UC Davis の Introduction to Graphics Architecture (EEC 277)

YouTube で UC Davis の講義「Introduction to Graphics Architecture」を視聴し始めました.2009 年に撮影されたようなので今から約 10 年前の講義ということになります.コンピュータ・グラフィックスのハードウェア的側面を扱った講義で,第 1 回の講義を聞いたらとても良かったので,ここに感想とメモを残しておきます.全 14 回を制覇できるかわかりませんが,視聴する度にこのページを更新します.

コース一覧
  1. Introduction / Course Overview

  2. OpenGL Graphics Pipeline Overview

  3. Graphics Performance and Characterization

  4. Programmability

  5. GPGPU 1

  6. GPGPU 2

  7. VLSI Trends: Why Graphics Hardware Is Fast

  8. Geometry

  9. Rasterization

  10. Texture

  11. Composition/display

  12. Overflow from the Pipeline Lectures

  13. Juggling the Pipeline

  14. Parallelism

ゲストスピーカー
  • Matt Pharr, Intel No Video

  • Aaron Lefohn, Intel No Video

  • John Nickolls, NVIDIA GPU Graphics and Compute Architecture

  • Justin Hensley, AMD/ATI The Latest Graphics Processing Units

  • Jeremy Sugerman, Stanford GRAMPS: A Programming Model for Graphics Pipelines and Heterogeneous Parallelism

第 1 回 Introduction / Course Overview

2018年4月14日視聴.

講義内容
  • 講師の自己紹介

  • GPU の歴史

  • コースアウトライン

  • 5 人のゲストスピーカーについて

  • 宿題について

第 1 回の講義でいきなりコースの概要や評価方法を説明するのではなく,GPU の歴史から入り講義トピックの面白さに学生を引き込むのは上手いなと思いました.学生時代 X-Windows のドライバ設定で画面走査のレートや幅を調整したのは,フレームバッファが高価だったからなのですね.CG のレンダリングの歴史も面白かったです.

私はこれまで OpenGL の独学を何度も試みましたが何度も挫折しました.一般向けグラフィックライブラリの API とかけ離れていたからです.コースアウトラインの紹介では,OpenGL のパイプラインについて少し説明があり,また,今後コース中でなぜこのようなパイプラインになっているか説明があるということで,OpenGL の理解が深まりそうで楽しみです.
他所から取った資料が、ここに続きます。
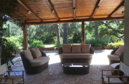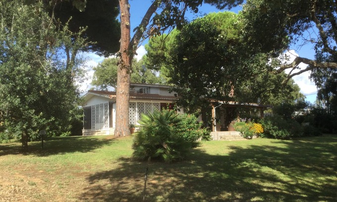 In the woods of Circeo, 200 mt. from the ruins of the villa of the emperor Domitian, in a private park of over half a hectare with pine and oak trees, and view of the bordering Lake of Paola, separated from the sea by a long strip of sand dunes. In the main building, on the ground floor two double bedrooms, each with bathroom, complete kitchen and living room, large dining room and elegant living room with large fireplace; on the first floor the master bedroom with en suite bathroom and, under the roof, a large attic used as a storage area. The vast covered patio, complete with garden furniture, opens onto the magnificent park with swimming pool and breathtaking view of Mount Circeo. In the nearby annex, two other double rooms - an exceptionally large one - and a bathroom. Independent heating, air conditioning in the master bedroom, alarm system. The parking area can accommodate up to five cars. The marvelous Torre Paola beach is 5 min. by car and 25 on foot. Two tennis clubs and an equestrian club 5 minutes by bike, a ping pong table is available in the house. All essential services are very close. The area is full of tourist attractions: the picturesque village of San Felice Circeo, the wonderful islands of Ponza, Palmarola and Ventotene just 17 nautical miles, Terracina and the famous medieval abbey of Fossanuova, and a little further away Ninfa, one of the most beautiful of Italy.

参考図書として推薦された「Real-Time Rendering」by Akenine-Moeller, Haines, and Hoffman は 2018 年 8 月に第 4 版が出版されるようなので,相当良い本なのでしょう.

評価方法はテストはなしで宿題のみ
  • 3 ページで門外漢にグラフィック・パイプラインを説明する(10%).

  • GPU の評価.Triangles vs fill rate をそれぞれ計測し,コードと分析結果を提出(30%).

  • グラフィック・ハードウェアを使ったプロジェクト.興味深い使い方を求む(50%).